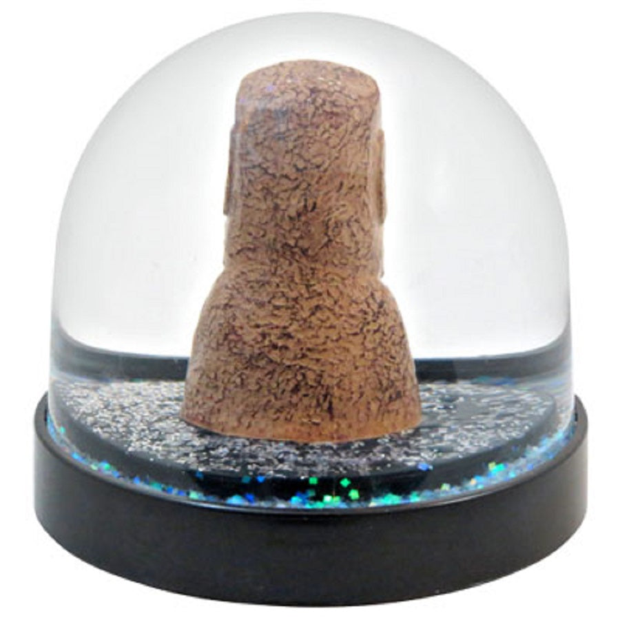 American Museum of Natural History Moai Statue Water Globe. Glitter "snow" inside. Plastic globe and base featuring Museum logo. Measures 3 x 3.5 inches.
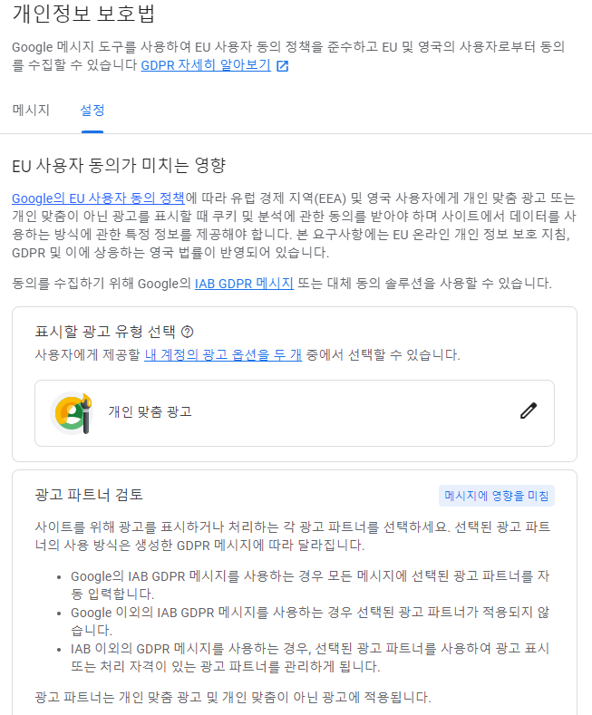 표시할 광고 유형 선택에서 개인 맞춤광고로 설정되어 있기에, 이는 따로 만질 필요가 없어 보입니다.
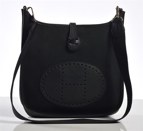 Styled in black calf leather and canvas, with silver metal hardware, 29 x 27 x 7cm.
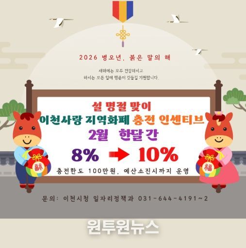 (원투원뉴스) 이천시는 설 명절을 맞아 지역경제 활성화와 소상공인 매출 증대를 위해 2026년 2월 한 달간 이천사랑지역화폐 충전 인센티브를 기존 8%에서 10%로 상향한다고 밝혔다.
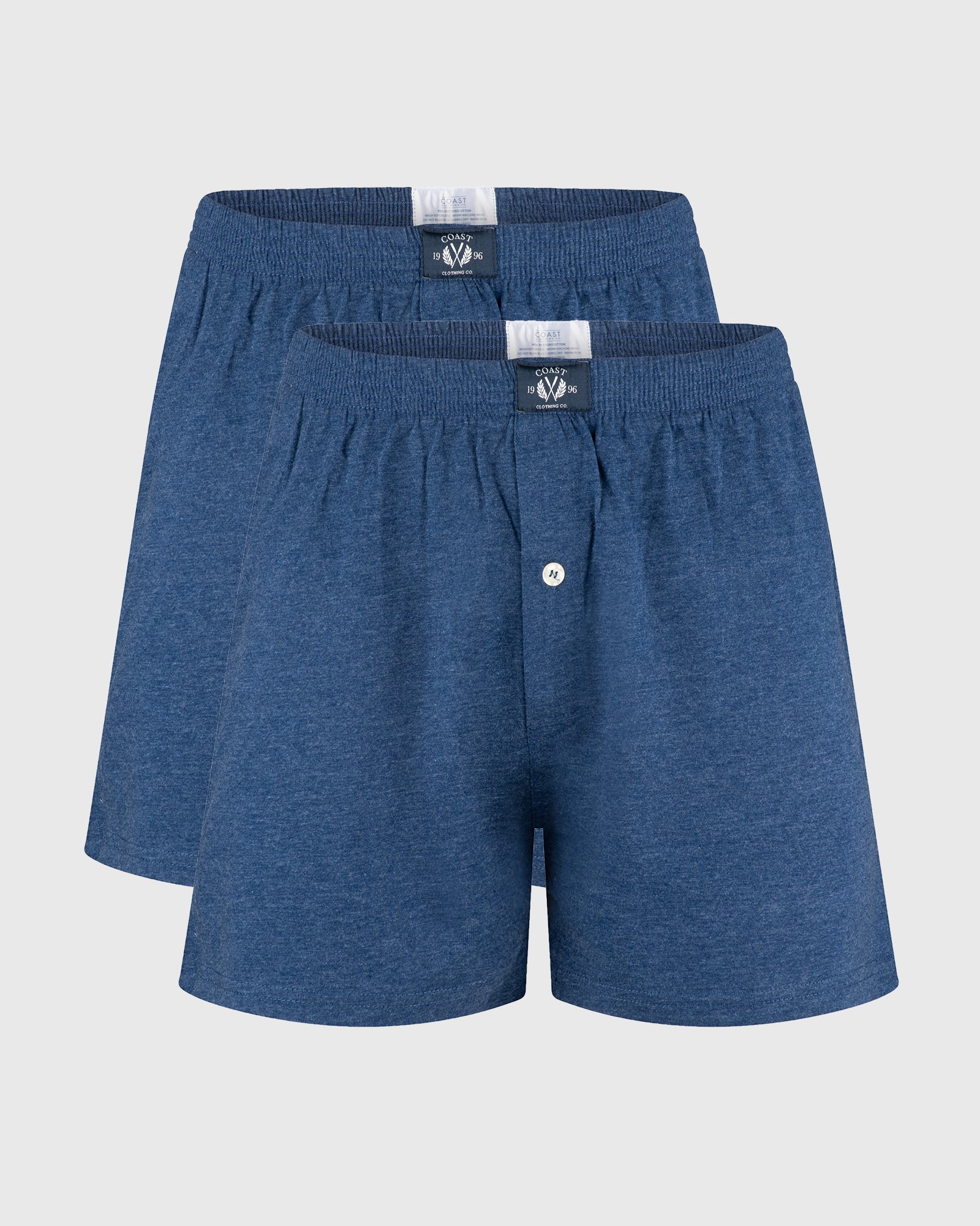 Perfect for downtime or daily wear, the Navy 2 Pack Boxer Shorts by Coast Clothing offer reliable comfort in a rich, classic tone. Finished with an elastic waistband for all-day support.
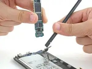 Поднимите дочернюю плату вверх и от корпуса телефона, чтобы снять её.
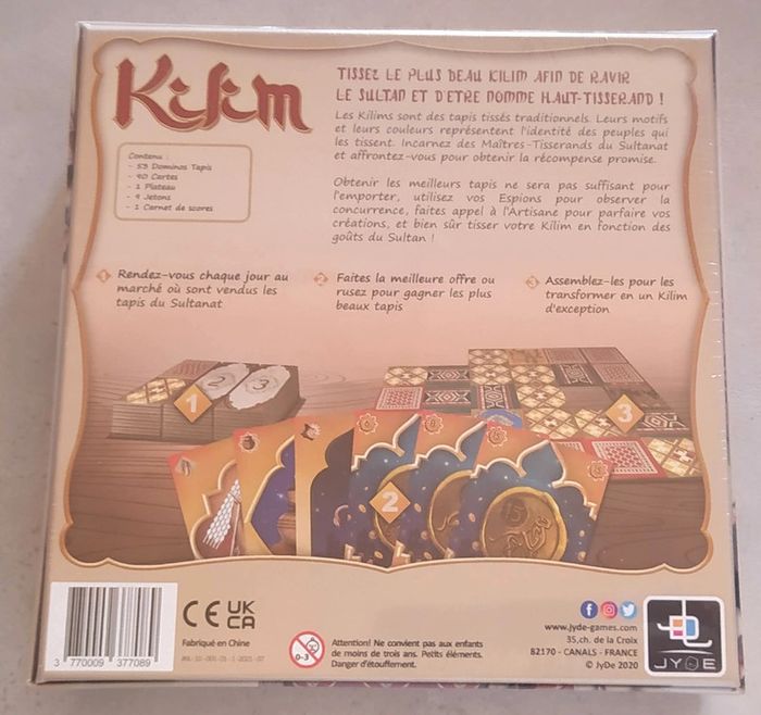 Jeu de société sous emballage - Prix ferme 2 à 5 joueurs dès 8 ans Les Kilim sont des tapis tissés traditionnels. Leurs motifs et leurs couleurs représentent l'identité des peuples qui les tissent. Incarnez des Maîtres-Tisserands du Sultanat et affrontez-vous pour obtenir la récompense promise. Obtenir les meilleurs tapis ne sera pas suffisant pour l'emporter, utilisez vos Espions pour observer la concurrence, faites appel à l'Artisane pour parfaire vos créations, et bien sûr tisser votre Kilim en fonction des goûts du Sultan ! Trois jours (trois manches) pour se rendre au marché, acheter des bouts de tapis, enchérir pour les assembler devant soi en un Kilim d'exception ! Ludpresta
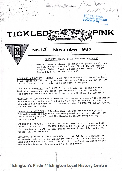Scope and ContentIslington and Haringey Gay Group newsletter, Tickled Pink No. 12, containing details for Group meeting at the Fallen Angel Pub and events taking place 4th November to 2nd December.
——
**WORK TASK**: Above this task is a listing with pictures in it. Retype only the lines from the one containing "표시할 광고 유형 선택에서" through the one containing "(원투원뉴스) 이천시는 설", both included, and not the pictures.

**TASK ANSWER**:
 표시할 광고 유형 선택에서 개인 맞춤광고로 설정되어 있기에, 이는 따로 만질 필요가 없어 보입니다.
 Styled in black calf leather and canvas, with silver metal hardware, 29 x 27 x 7cm.
 (원투원뉴스) 이천시는 설 명절을 맞아 지역경제 활성화와 소상공인 매출 증대를 위해 2026년 2월 한 달간 이천사랑지역화폐 충전 인센티브를 기존 8%에서 10%로 상향한다고 밝혔다.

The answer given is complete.